What is required:
Print word for word whatever lies between the first line of the material and the line holding "Ehrenamtliche Sanitäter des", both included, and omit all pictures.

Recorded data:
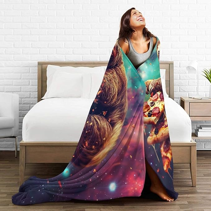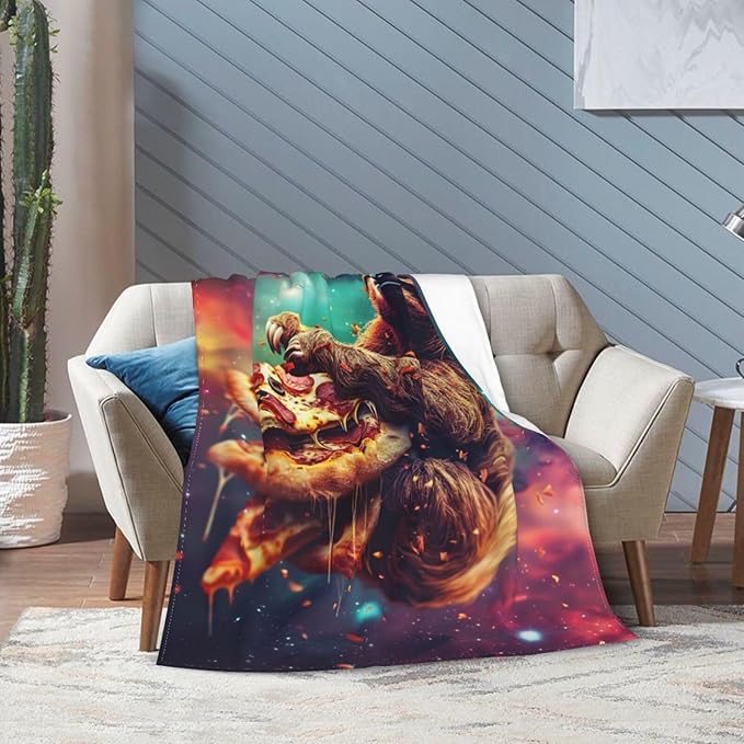 Sloth Pizza Throw Blanket - Funny Sloth Stuff Decor, Cozy Flannel Fleece Soft Plush Fuzzy Warm, Lightweight Bedding for Women & Girls, 50"X40"
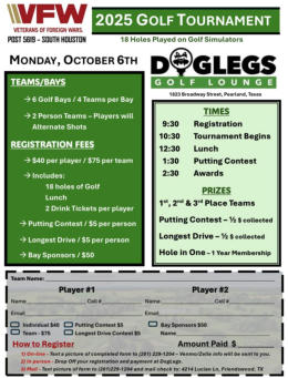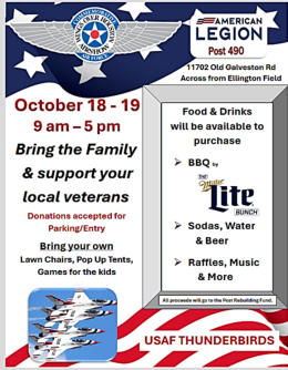 Post 490 host many events throughout the year. Post events include AirShow viewing event, Crawfish Boil, Holiday Parties, Hall Rental events,
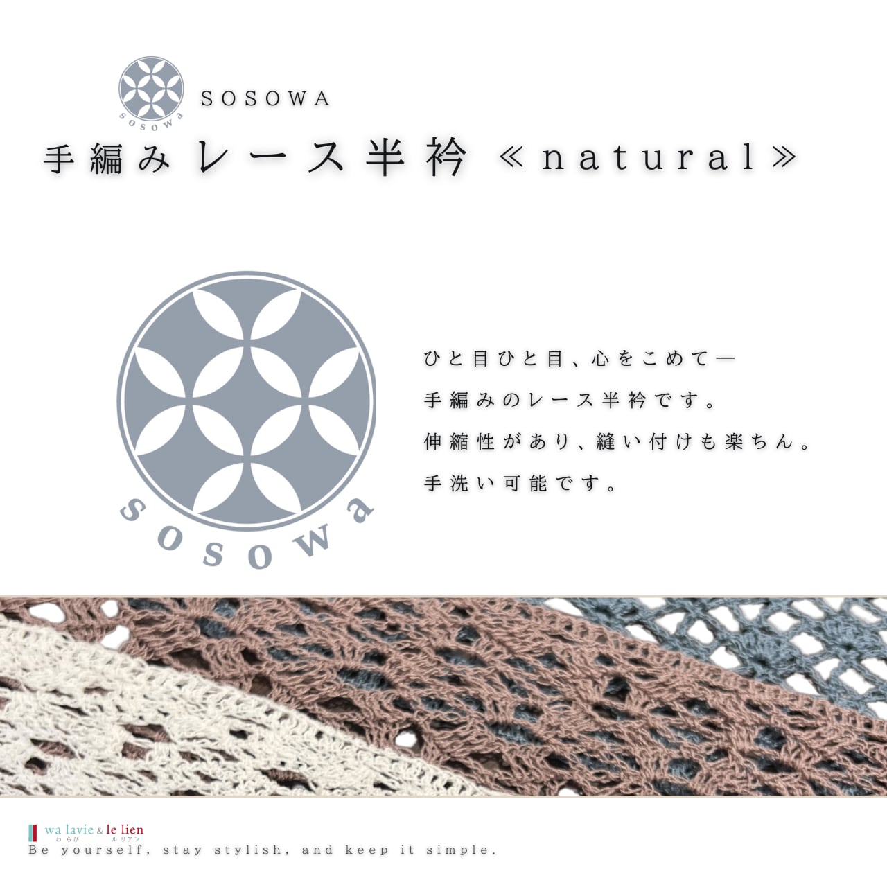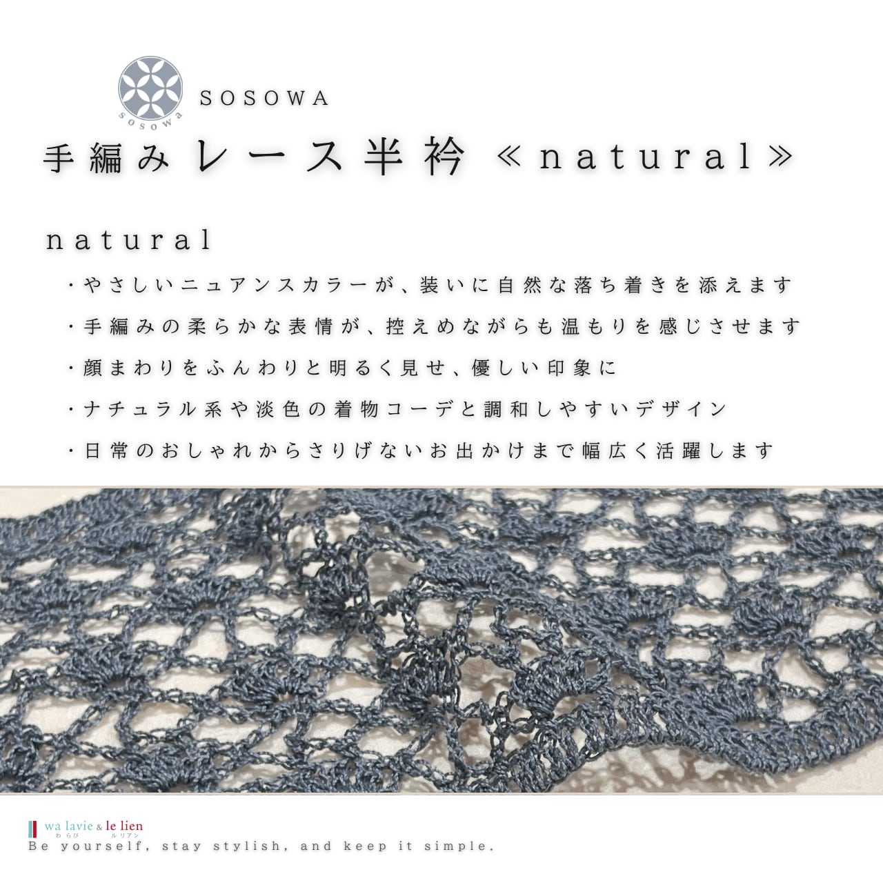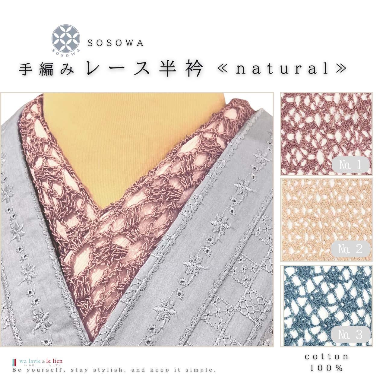 やさしい風合いが魅力の、手編みのレース半衿です。
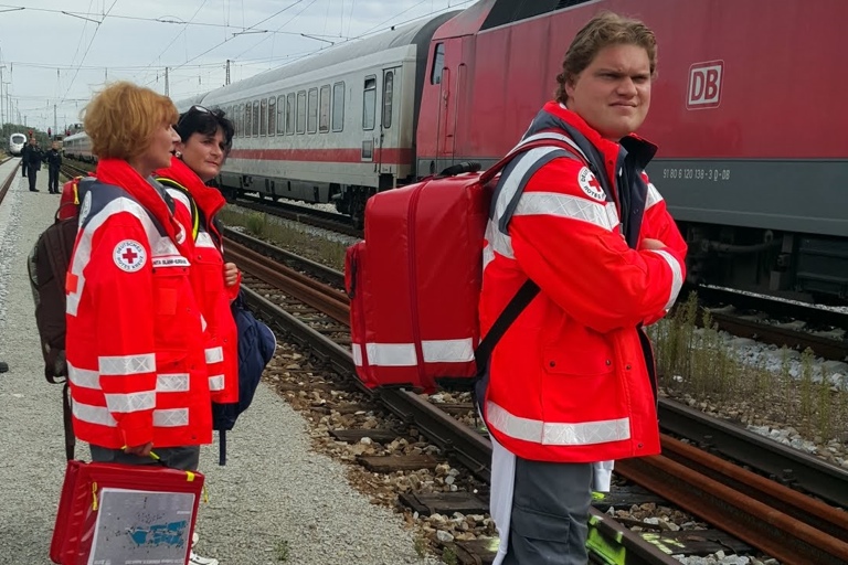 Ehrenamtliche Sanitäter des BRK-Kreisverbands Pfaffenhofen begleiteten einen Zug mit 700 Asylbewerbern von München nach Dortmund
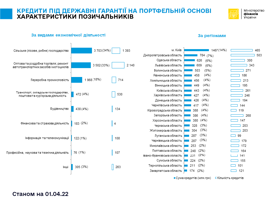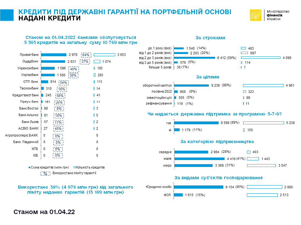 Станом на 01.04.2022 шістнадцять банків-кредиторів обслуговують 5393 кредити на суму 10,769 млрд грн. Зобов’язання за основним боргом, що частково забезпечений державними гарантіями на портфельній основі, становили 4,976 млрд грн. Це близько 38% від загального ліміту наданих гарантій (13,189 млрд грн).
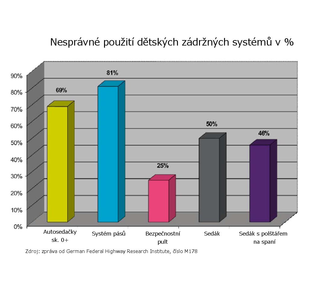 Nedávný průzkum renomovaného španělského automobilového clubu RACE prokázal, že děti se často samy vyvlékají ze systému pásů, především v autosedačkách skupiny I. Byl to případ 43% všech odpovědí.
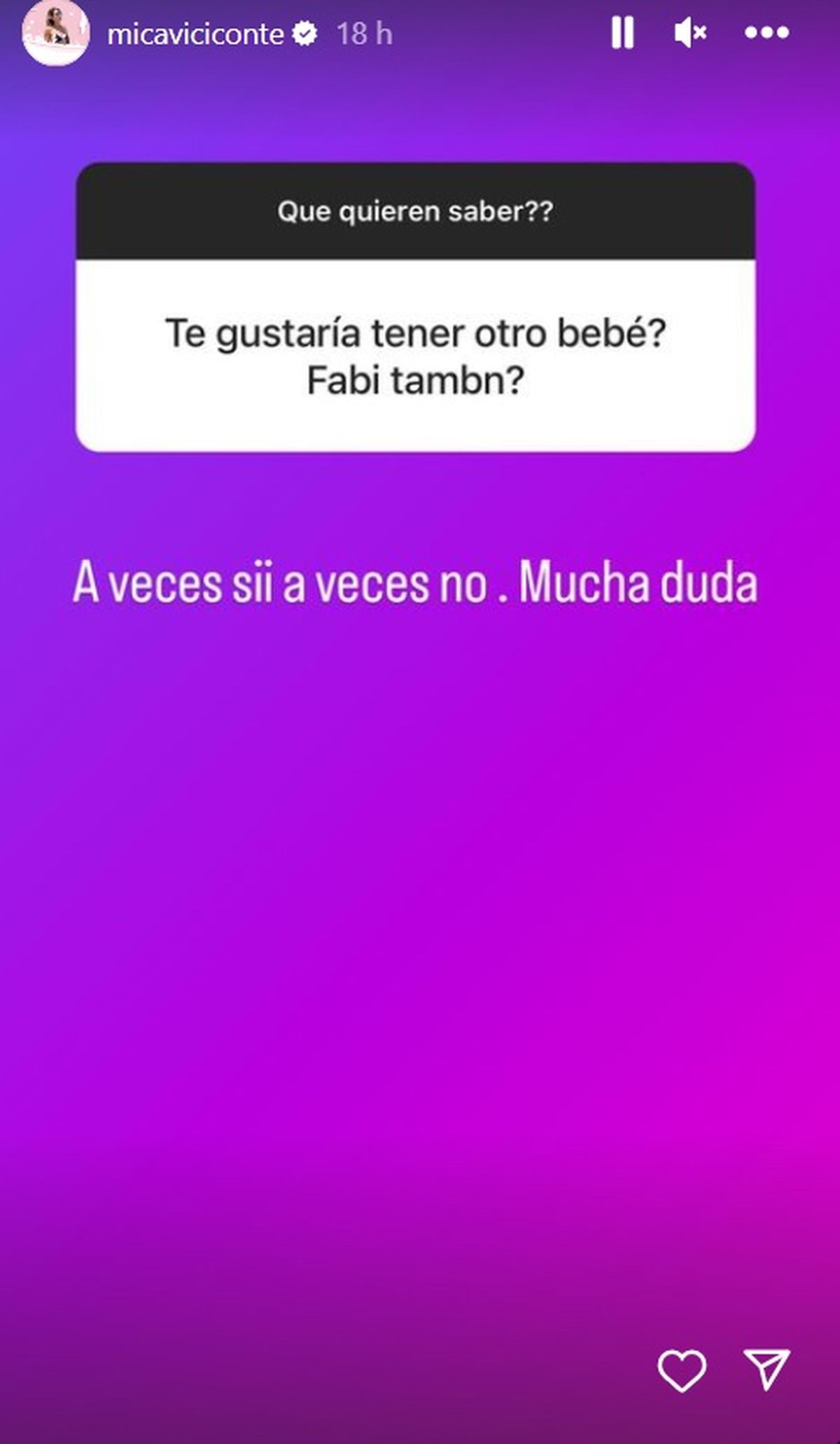 "¿Te gustaría tener otro bebé? ¿Fabi también?", le preguntaron a Mica Viciconte. Y ella respondió sincera: "A veces sí, a veces no. Mucha duda".

Your response:
 Sloth Pizza Throw Blanket - Funny Sloth Stuff Decor, Cozy Flannel Fleece Soft Plush Fuzzy Warm, Lightweight Bedding for Women & Girls, 50"X40"
 Post 490 host many events throughout the year. Post events include AirShow viewing event, Crawfish Boil, Holiday Parties, Hall Rental events,
 やさしい風合いが魅力の、手編みのレース半衿です。
 Ehrenamtliche Sanitäter des BRK-Kreisverbands Pfaffenhofen begleiteten einen Zug mit 700 Asylbewerbern von München nach Dortmund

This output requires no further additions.